Collected data:

□ □ □ □ □ □ □

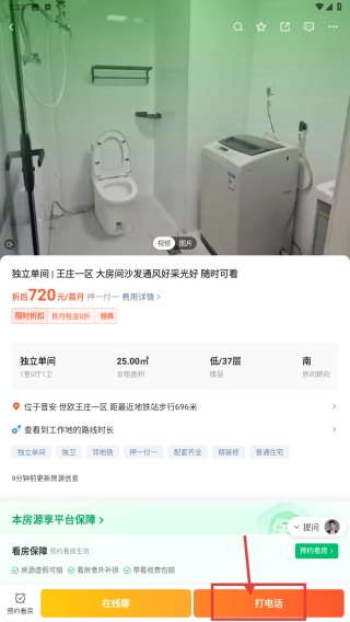 4、在房源详情页,点击打电话按钮,联系房东咨询租房相关事宜。
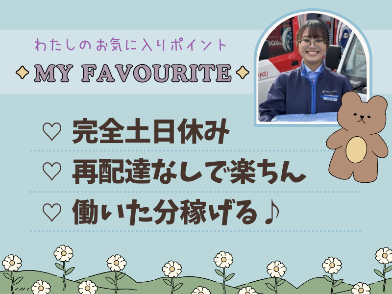 仕事内容 _____________ ヨシケイのお仕事のポイント  ̄ ̄ ̄ ̄ ̄ ̄ ̄ ̄ ̄ ̄ ̄ ̄ ̄ ★子育て世代のお母さんが中心に活躍中 子育てママ(パパ)さんが働きやすい 職場・福利厚生を整えています◎ ★土日休み!日勤9:00~16:00まで ★オートマ軽自動車での配達 普通免許(AT限定可)だけで始められて、 軽自動車なので運転が心配な方も安心♪ ★まずは見学して説明を聞きたい!もOK ご希望の方はお電話(0120-377-714)まで。 そのまま面接選考の調整も可能なので、 ご希望される場合は履歴書をご準備ください! ______________ 宅配・販売スタッフの仕事内容  ̄ ̄ ̄ ̄ ̄ ̄ ̄ ̄ ̄ ̄ ̄ ̄ ̄ ̄ 軽自動車で夕食材料セット(ミールキット)を お客様のご自宅に配達していただくお仕事です。 食材はヨシケイの専用BOXで配達し、 次回の配達時に前回のBOXを回収します。 なので、再配達でバタバタすることもなし! 新しく注文を受けたり、集金・事務などもありますが、 最初は先輩の車に同乗しながら仕事を見学し、 皆さんの運転にも先輩が同行していきます。 独り立ち後も事務所での休憩時間に みんなで雑談しながら聞いたりできるので、 未経験の方でも安心してください。 また、商品案内として 新しいお客様へのチラシ配布や 既存のお客様への商品の ご紹介をお願いします。 既存のお客様の相談にのったり、 生活にあった食事の提案をしたり、 ただ配達するだけではないところがやりがいポイント! 人との会話を楽しんだり、「いつもありがと~」 という言葉でやる気が出るタイプの方にピッタリです。 「自分の生活にあった働き方はしたいけど ただこなすだけの仕事は飽きるしなあ…」 そんな思いで仕事探しをしている方は、 ぜひ一度見学にきてみてください! ________ こんな方が活躍中  ̄ ̄ ̄ ̄ ̄ ̄ ̄ ̄ ★20~40代の女性スタッフが中心に活躍中! 産休・育休制度を利用し、復帰率も90%以上。 産前産後で仕事を探す不安が少ないことや、 ご自身・子どもの体調が理由のお休み(早退)も スタッフのほとんどが女性なこともあり、 会社ぐるみでサポートしあえる環境です。 < 1日の業務の流れ(※一例) >  ̄ ̄ ̄ ̄ ̄ ̄ ̄ ̄ ̄ ̄ ̄ ̄ ̄ ̄ ○清掃 ▶気持ち良い一日のスタート! ○朝礼 ▶仲間たちとミーティング! ○積み込み ▶ミールキットをヨシケイCarへ ○出発 ▶お客様のところへ訪問し 食材のお渡し、 注文や集金など業務! ○帰社 ▶片付けや事務処理作業 ○退社 ▶お疲れさまでした! ✅9:00~16:00迄(実働4~7時間位)  ̄ ̄ ̄ ̄ ̄ ̄ ̄ ̄ ̄ ̄ ̄ ̄ ̄ ̄ ̄ ̄ ̄ ●週休2日(土日休み) ●祝日(月~金)は出勤になります ★子供が急に体調を崩した... ★どうしても外せない用事がある... こんな急な勤務変更にも 対応可能な職場です! *毎週土日休み!家庭と仕事の両立可能!* 「お仕事は任せて!」 「ゆっくりしてきてね!」 そう言ってくれる スタッフばかりなので安心! アットホームな雰囲気が 特徴的な素敵な職場です♡
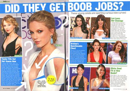 According to various news sources, Taylor Swift might of had a possible boob job. Lets face it she’s 23 and from what I’m hearing in class, most women are doneĀ developing breasts long before this age. It’s also obvious that her breastĀ cleavageĀ has went up a size.
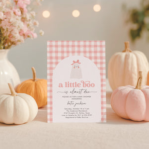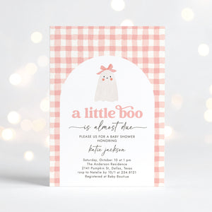Little Boo Pink Gingham Baby Shower Invitation
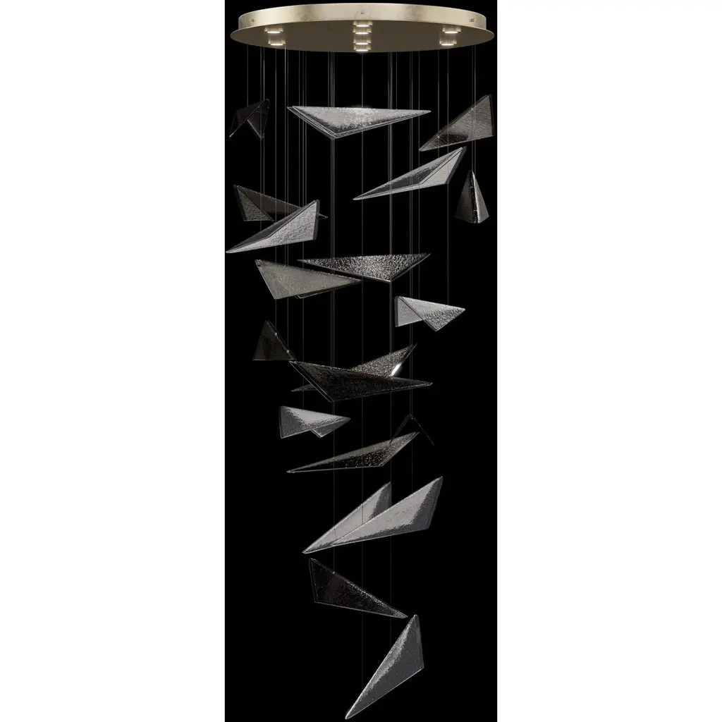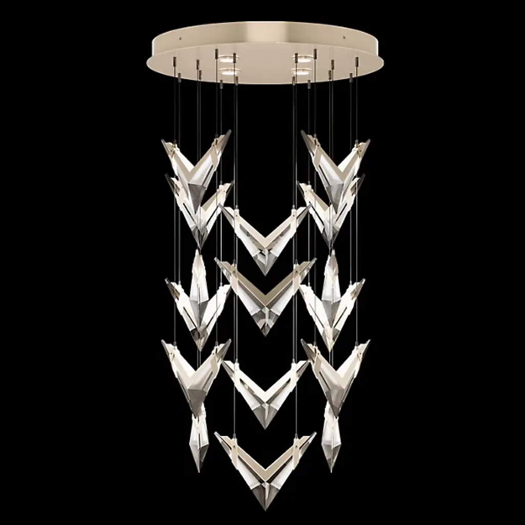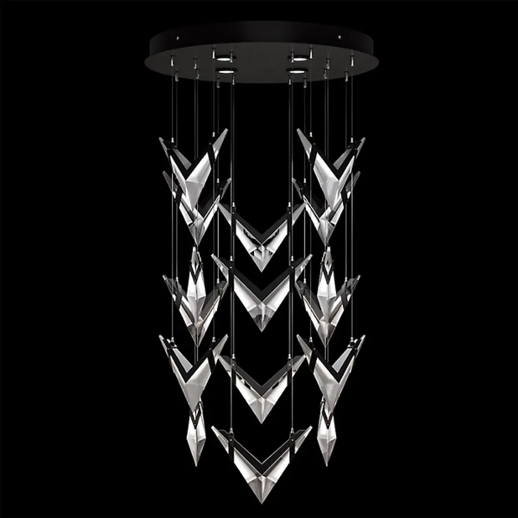 The Blade LED Multi-Light Pendant from Fine Art Handcrafted Lighting arranges crystal chevrons in a dynamic formation. This clustered pendant offers three-dimensional interest from every viewing angle. Its wood accents provide contrast against the crystal, adding depth to the composition. The integrated LEDs illuminate each crystal element when lit, creating layered lighting effects that elevate ordinary spaces. Perfect for foyers, dining areas, or stairwells with higher ceilings, this dimmable suspension provides ambient lighting and artistic presence. It's a fixture designed for spaces where standard lighting would feel insufficient or uninspired.
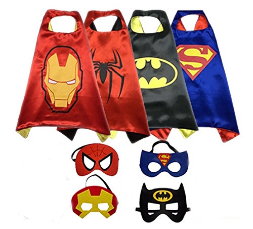 - Cape Size is roughly 70 cm x 70 cm. Each cape comes with a mask.One size, suitable for children 3-10.
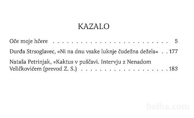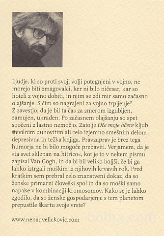 Oče moje hčere je nadaljevanje Gostačev, antimilitarističnega romana, ki je imel velik uspeh celo med slovensko srednješolsko mladino. Dogajanje je postavljeno v povojno Sarajevo, v katerem si ljudje še vedno ližejo vojne rane: v mestu vlada depresija, družine razpadajo, služb ni, ljudje si pomagajo, kako vejo in znajo. Avtor z zanimivim modernističnim prijemom vodi svoje like skozi sarajevski vsakdan. Odličen je v slikanju moreče atmosfere, ki prežema sodobni čas.
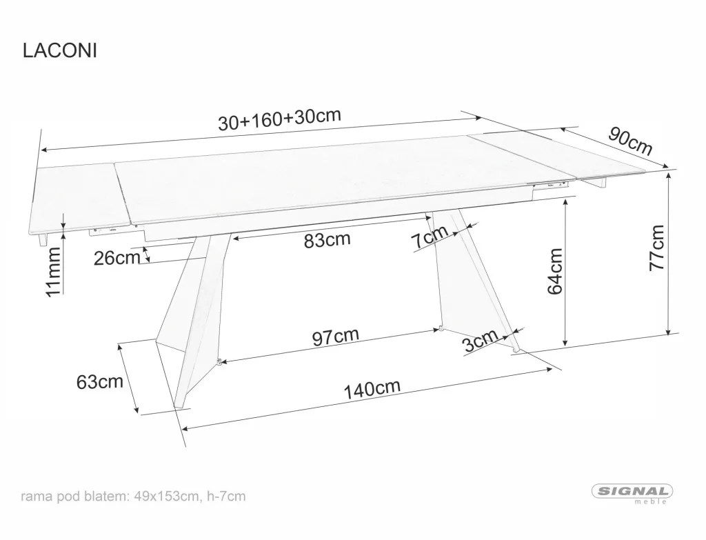 Table Laconi egy elegáns, modern étkezőasztal, amely tökéletes kiegészítője lehet otthonának. A kerámia asztallap és a matt fehér vagy fekete fém váz harmonikus kontrasztot alkot, így ideális választás étkező, konyha vagy nappali berendezéséhez. Praktikus, bővíthető kialakítása révén a Table Laconi minden alkalomra tökéletes megoldást nyújt, legyen szó családi összejövetelről vagy baráti vacsoráról.
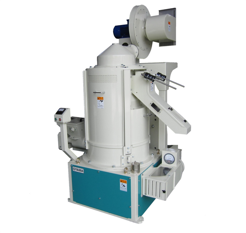 直立式滾筒主軸心,由下而上方式作經滾筒摩擦方式脫糠為精米後段加工機器。
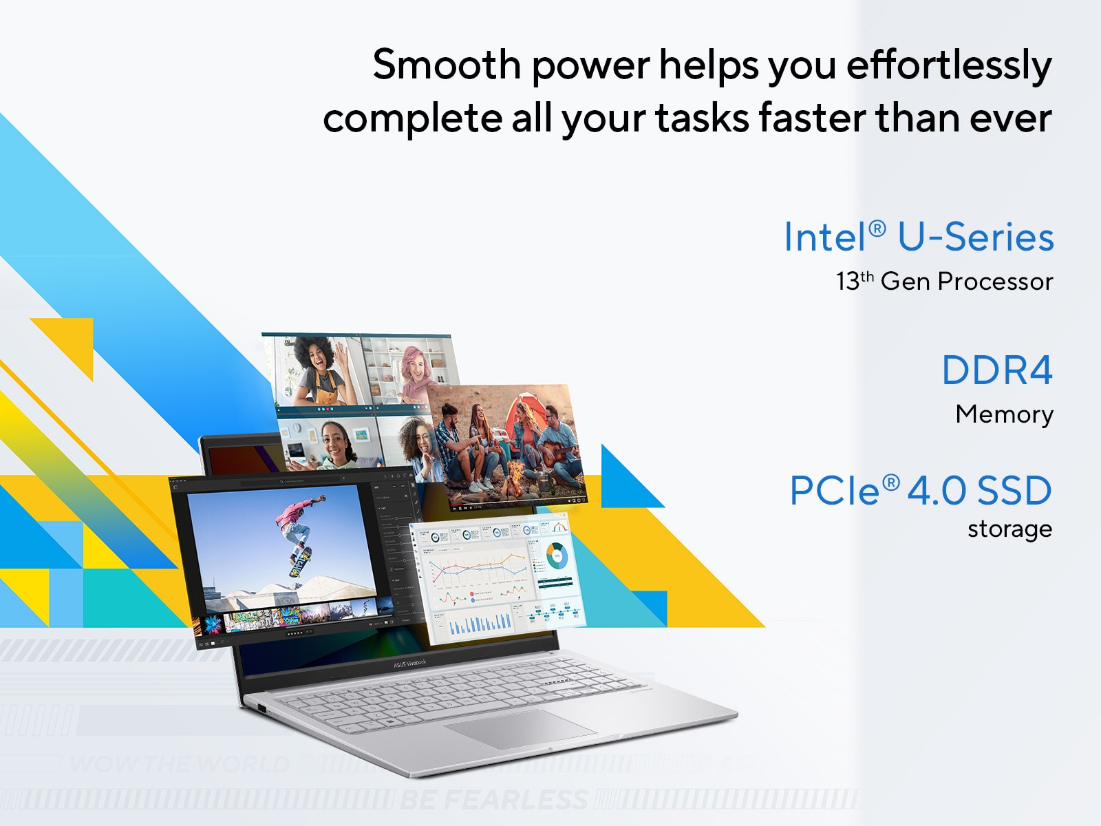 With Vivobook 15, you’re always ready to take on any everyday task, whether it’s work, play or entertainment. Whatever you need to achieve, there’s always plenty of computing power on tap with up to the 13th Gen Intel U-Series processor, DDR4 of fast memory, PCIe 4.0 of speedy SSD storage and comprehensive range of wireless connectivity up to WiFi 6E allows you to load online content in the blink of an eye.
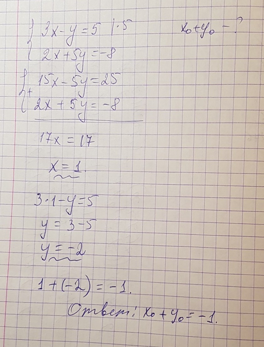 Найдите Найдите значение выражен ния xo+yo если (xo:yo) - решение системы уравнение {3x-y=5 2x+5y= - 8
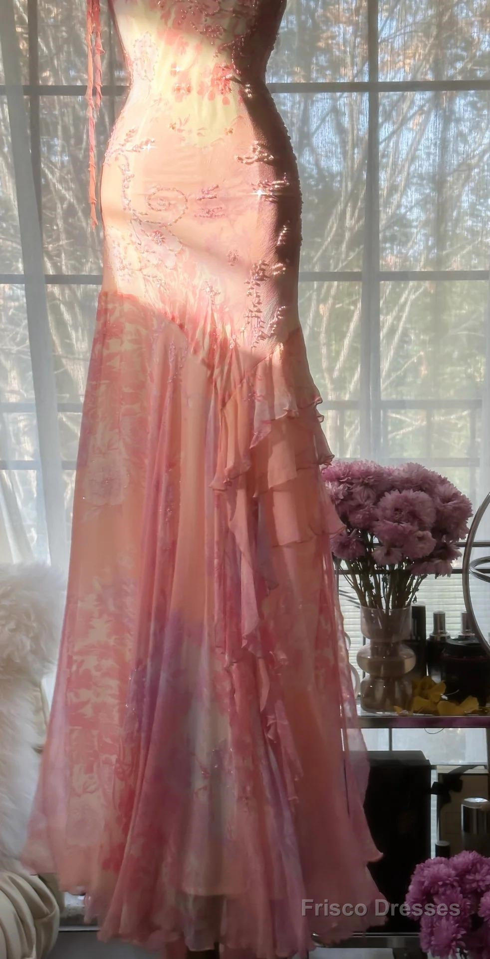 Fairytale Pink Mermaid Gown For Prom&Party-Vintage Spaghetti Strap Chiffon Beaded Long Evening Dress
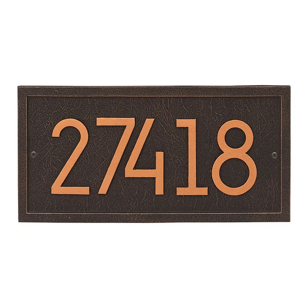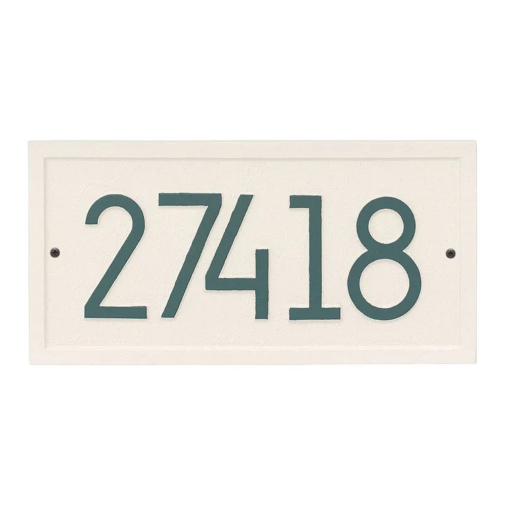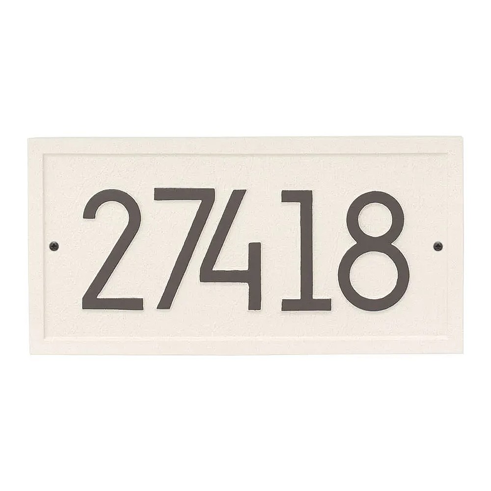 Dimensions (LxWxH): 14.75 x 7.5 x .325 Ramp up your curb appeal with the Rectangle Modern address plaque. The combination of a contemporary font and subtle border give this plaque its modern look. Whitehall address plaques are proudly handcrafted in the USA using American materials and labor. Whitehall address plaques are suitable for all exterior applications. Made in the USA Cast from recycled aluminum – will not rust. Alumi-Shieldâ„¢ All Weather Coatings: A Whitehall Exclusive Enhances curb appeal while adding value to your home
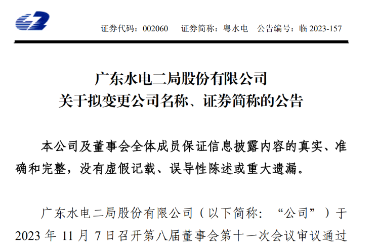 公告披露,粵水電于2023年11月7日召開(kāi)第八屆董事會(huì)第十一次會(huì)議審議通過(guò)《關(guān)于擬變更公司名稱(chēng)、證券簡(jiǎn)稱(chēng)的議案》,同意公司名稱(chēng)由“廣東水電二局股份有限公司”變更為“廣東省建筑工程集團(tuán)股份有限公司”、證券簡(jiǎn)稱(chēng)由“粵水電”變更為“廣東建工”。
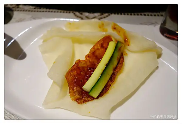 有別於之前吃的烤鴨,多了酒香及橙香的味道
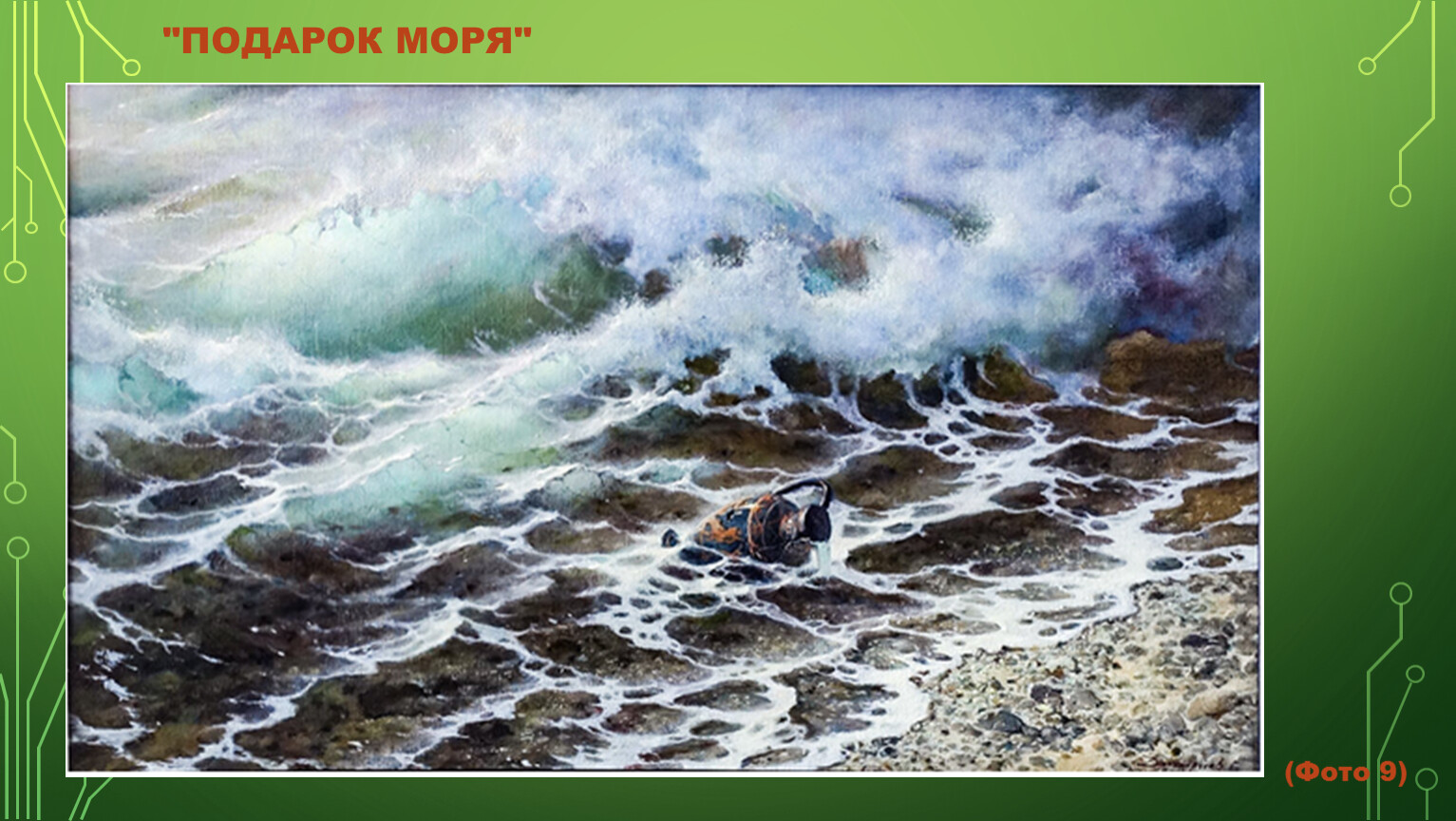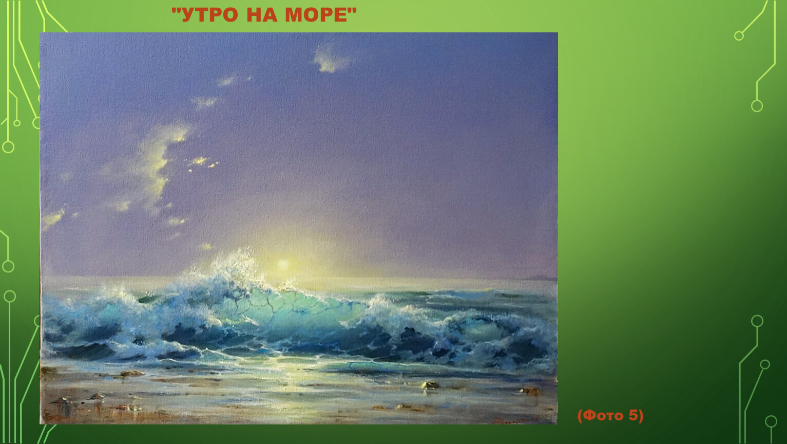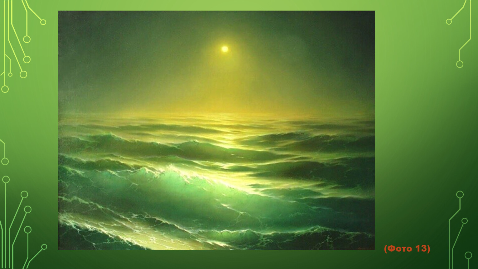В его изображениях морской стихии столько красок, что невозможно сразу оторваться от просмотра полотна – хочется рассматривать каждую деталь изображения. Хотя обычно считается, что море – это синева, на удивление, на картинах Дмитриева преобладают оттенки зеленого.
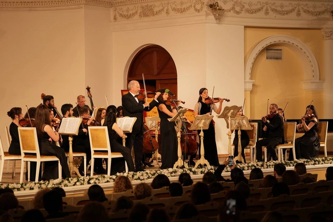 BAKU.WS xəbər verir ki, Müslüm Maqomayev adına Azərbaycan Dövlət Akademik Filarmoniyasının səhnəsində tanınmış skripkaçı və dirijor Dmitri Sitkovetskinin rəhbərliyi ilə həm yerli ulduzlar, həm də müxtəlif ölkələrdən gəlmiş istedadlı ifaçılar çıxış etdilər.

□ □ □ □ □ □ □

Work request:
Your answer should be the lines above, word for word, from the line with "Little Boo Pink" through the line with "直立式滾筒主軸心,由下而上方式作經滾筒摩擦方式脫糠為精米後段加工機器。", minus the pictures.

Response:
Little Boo Pink Gingham Baby Shower Invitation
 The Blade LED Multi-Light Pendant from Fine Art Handcrafted Lighting arranges crystal chevrons in a dynamic formation. This clustered pendant offers three-dimensional interest from every viewing angle. Its wood accents provide contrast against the crystal, adding depth to the composition. The integrated LEDs illuminate each crystal element when lit, creating layered lighting effects that elevate ordinary spaces. Perfect for foyers, dining areas, or stairwells with higher ceilings, this dimmable suspension provides ambient lighting and artistic presence. It's a fixture designed for spaces where standard lighting would feel insufficient or uninspired.
 - Cape Size is roughly 70 cm x 70 cm. Each cape comes with a mask.One size, suitable for children 3-10.
 Oče moje hčere je nadaljevanje Gostačev, antimilitarističnega romana, ki je imel velik uspeh celo med slovensko srednješolsko mladino. Dogajanje je postavljeno v povojno Sarajevo, v katerem si ljudje še vedno ližejo vojne rane: v mestu vlada depresija, družine razpadajo, služb ni, ljudje si pomagajo, kako vejo in znajo. Avtor z zanimivim modernističnim prijemom vodi svoje like skozi sarajevski vsakdan. Odličen je v slikanju moreče atmosfere, ki prežema sodobni čas.
 Table Laconi egy elegáns, modern étkezőasztal, amely tökéletes kiegészítője lehet otthonának. A kerámia asztallap és a matt fehér vagy fekete fém váz harmonikus kontrasztot alkot, így ideális választás étkező, konyha vagy nappali berendezéséhez. Praktikus, bővíthető kialakítása révén a Table Laconi minden alkalomra tökéletes megoldást nyújt, legyen szó családi összejövetelről vagy baráti vacsoráról.
 直立式滾筒主軸心,由下而上方式作經滾筒摩擦方式脫糠為精米後段加工機器。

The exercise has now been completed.